His eyes opened, breath pounding in his chest. There was a terrible, utter lack of strength to his muscles. He felt weak, slow, and vunerable. The Juice -- it was not flowing. The feeling was terrible, half because of how he felt, half because he knew now just how addicted to this chemical cocktail he was. There would be no going back, it was not like he thought. He could not just....live this a few years, and drop it at the snap of a finger. No, he could not do that. Suddenly, the vunerability felt overwhelming; crushing, something that he could not stand. He turned in his bed, legs uncoiling as he threw himself out the open window into the rain with a scream of rage, and to his shame, terror. At once, the juice began to flow; sliding down his limbs like a blessed, welcome warmth, the world slowing down around him; becoming less fierce, easier to cope with. He had time to close his eyes, and sigh in relief before he felt the need to brace for his landing; which was accomplished easily, the Juicer dropping into a crouch; one hand upon the ground to absorb the shock of his landing.
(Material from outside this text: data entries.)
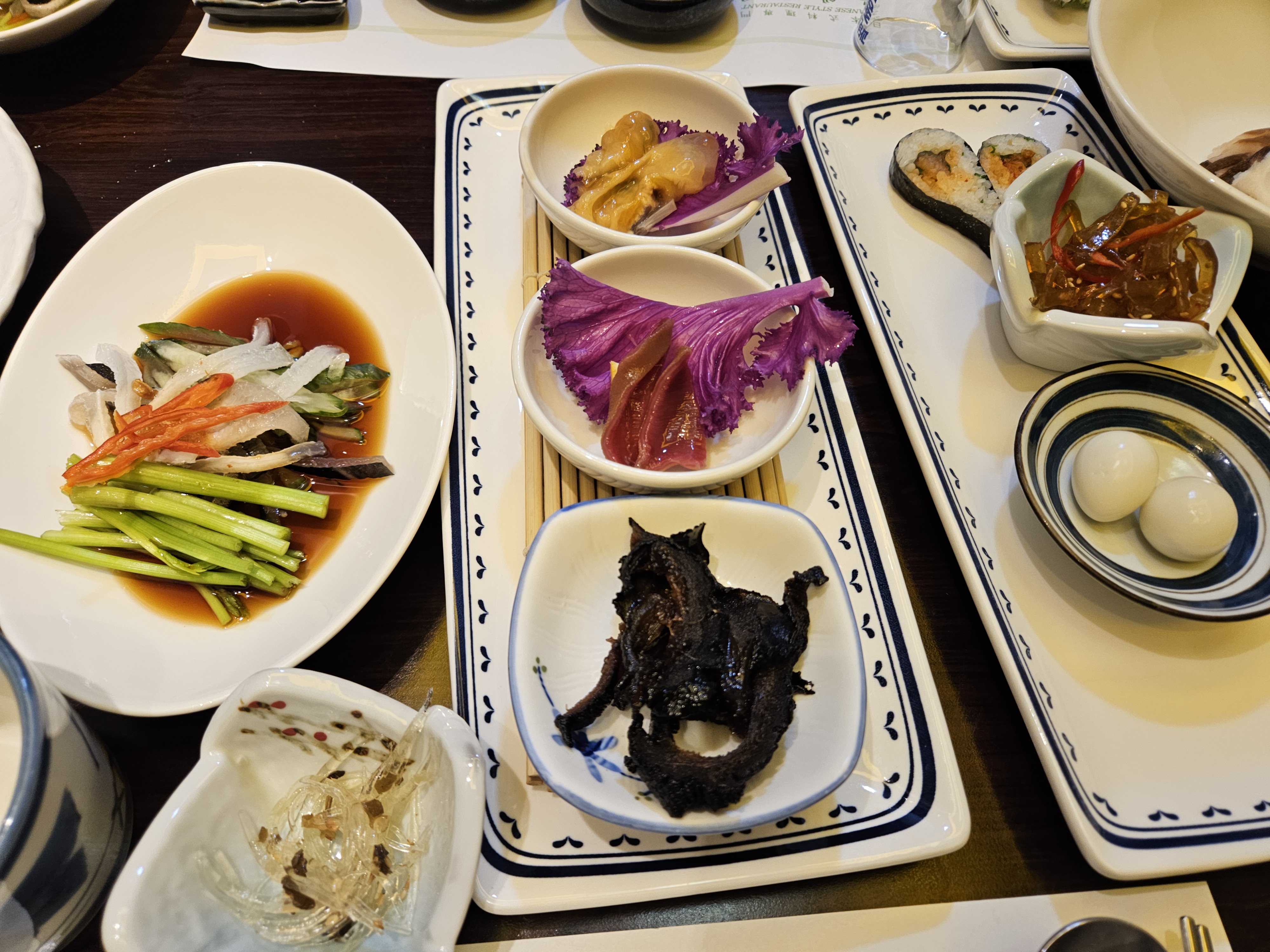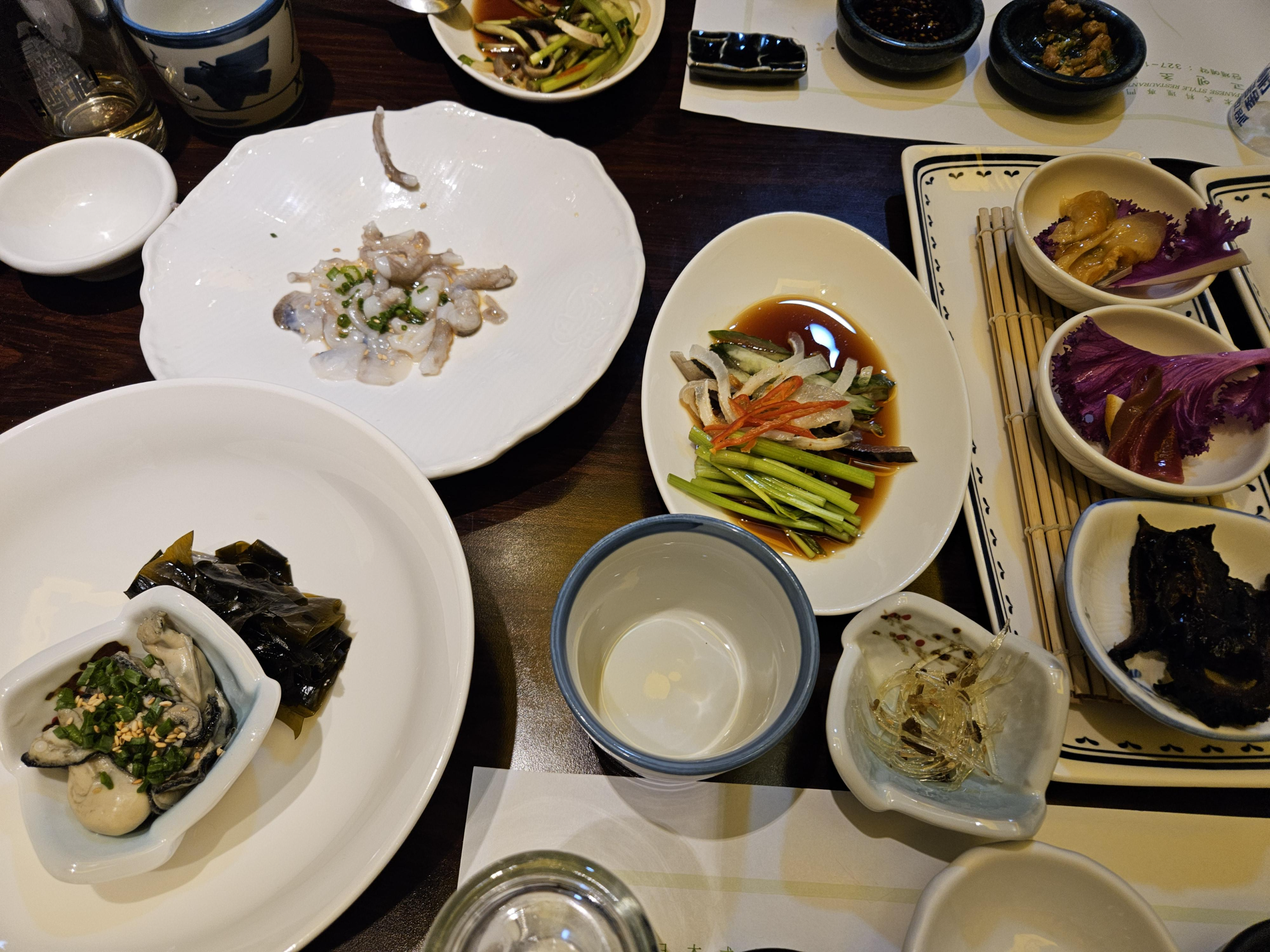 코스를 시켰는데 기본으로 깔리는 음식들이 푸짐합니다.
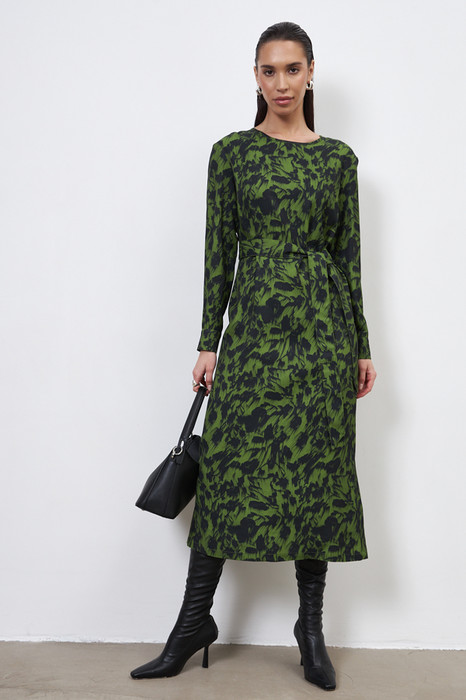 Платье из вискозной ткани полуприлегающего силуэта. Втачной длинный рукав на манжете с застёжкой на пуговицы. На задней части изделия застежка на петлю-пуговицу, снизу выполнен разрез. Круглый вырез горловины оформлен косой бейкой. В комплекте пояс из основной ткани.
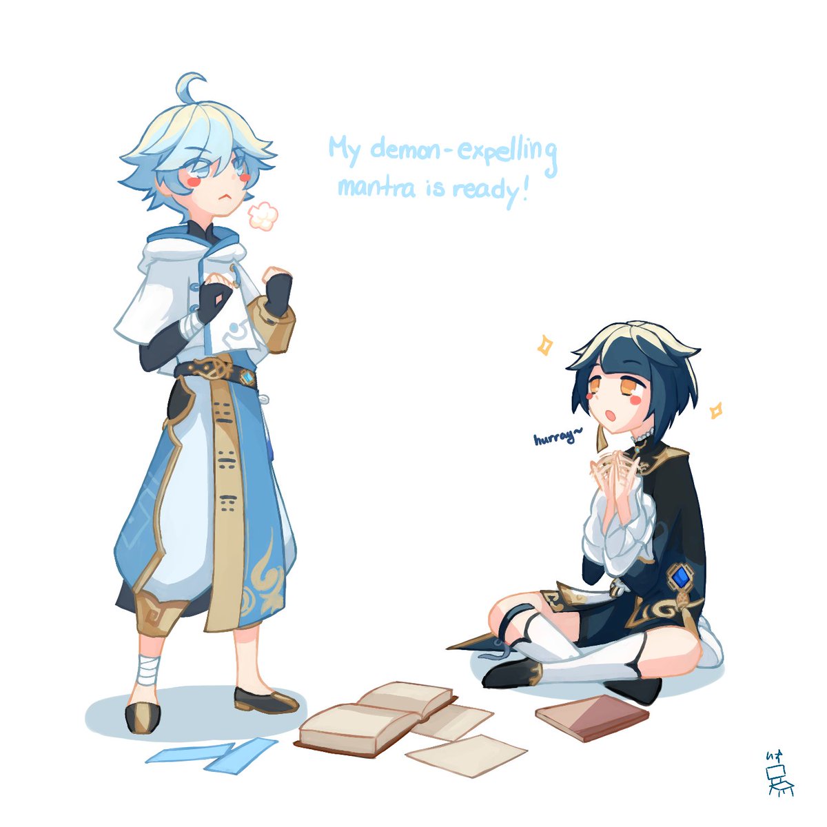 Commemorating Chongyun getting some love with Spiral 12 (ft. Xingqiu, the supportive friend). Chongyun is at your service, ready to exorcise oceanid creatures for you. #GenshinImpact #genshinimpactfanart #Chongyun #Xingqiu
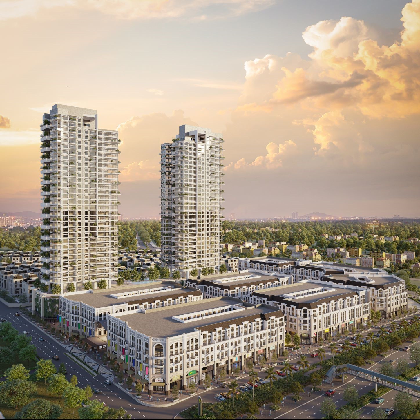 Khu phức hợp có quy mô 6 khối nhà gồm 92 căn. Mỗi căn có thiết kế 5 tầng với lối vào riêng biệt và 1 tầng hầm chung. Theo đó, hai tầng thương mại phù hợp kinh doanh - làm văn phòng. Tầng 1 sở hữu 2 mặt tiền, phía trước hướng ra đường lớn, phố đi bộ ngoài trời, quảng trường sự kiện. Mặt sau giáp phố đi bộ trong nhà có mái kính che, điều hòa. Đây được đánh giá là thiết kế đắc địa, hưởng trọn sự sầm uất trong không gian. Với chiều cao thông tầng 7 mét, mặt tiền rộng tới 8,1 mét rất thích hợp cho các thương hiệu khoe trọn đẳng cấp.
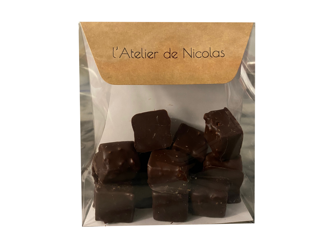 Tous nos chocolats sont réalisés à la main. Chaque boîte contient un mélange de différents chocolats pralinés et ganaches au lait, noir ou noir/lait.
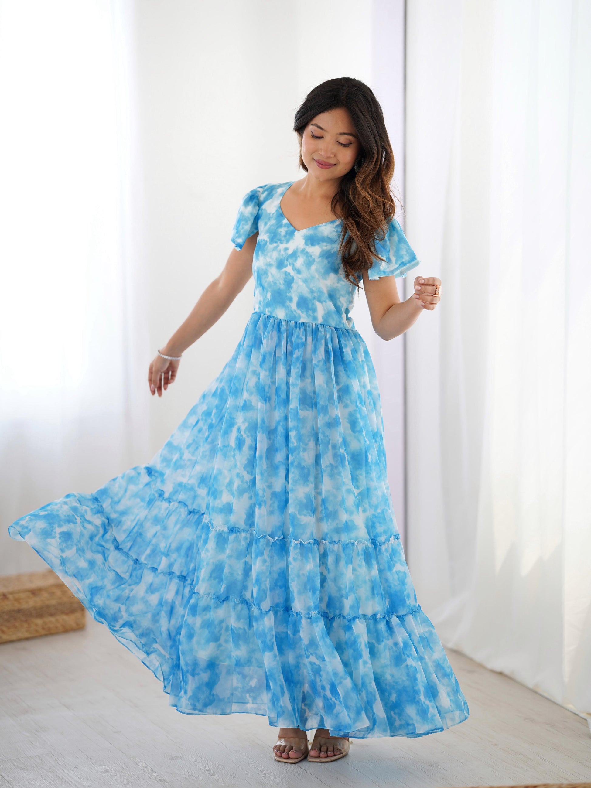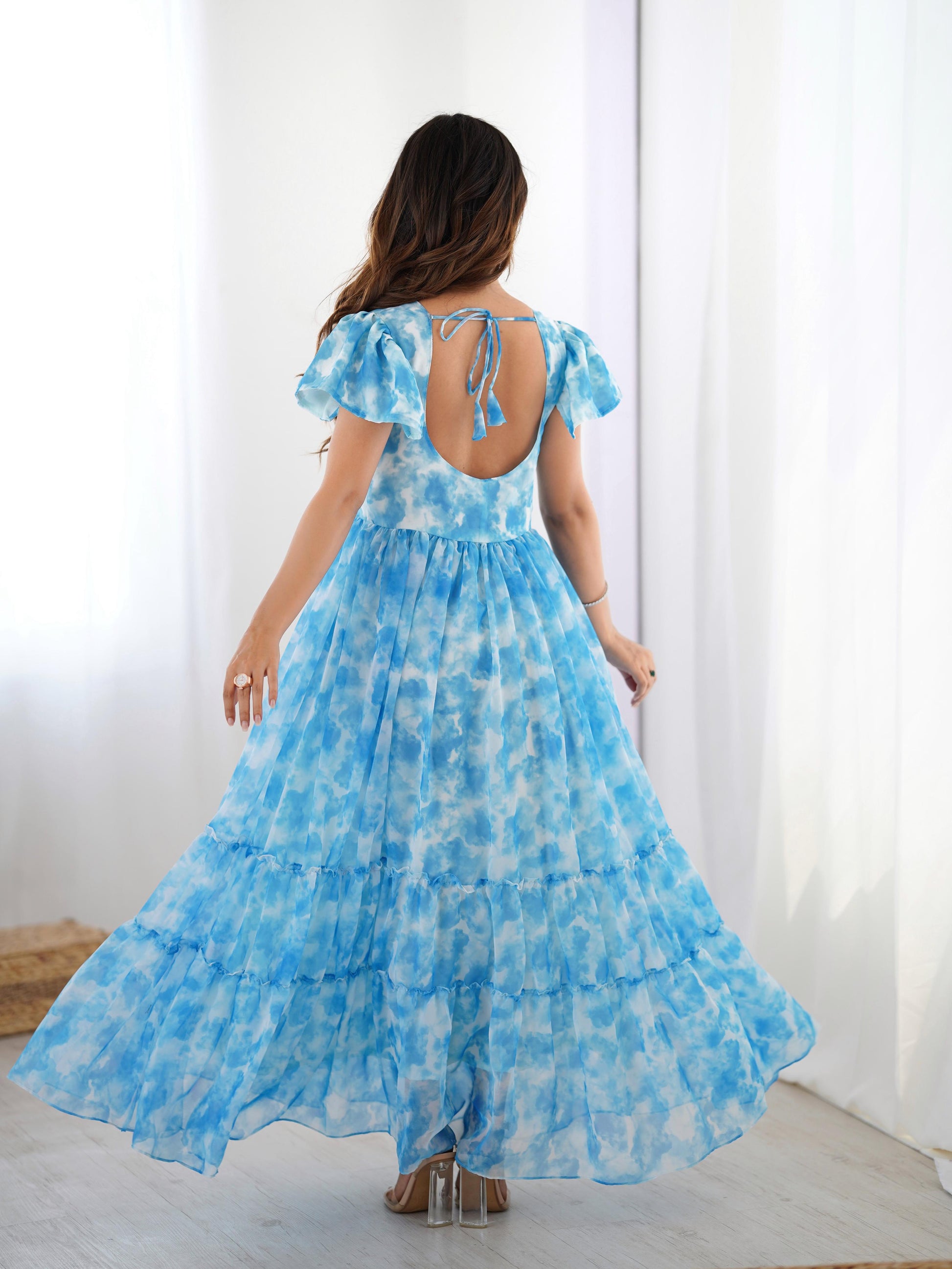 Sky Blue Georgette Digital Printed Wester Kurti
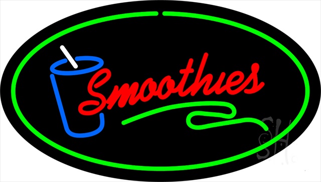 Sign Store N100-1806 Oval Smoothies With Glass Green Border Animated Neon Sign, 30 x 17 x 3 In.

He looked up, to find not five feet away, a homeless man sitting in the rain beside a dumpster, staring at the spectacle of a man who threw himself from a second story window, clad only in his boxers. Talon sneered back at him, feeling invunerable once again, at last. "What are you lookin' at, Buddy?" He snarled in the nastiest voice he could muster as he turned to walk around the building -- heading for the main entrance.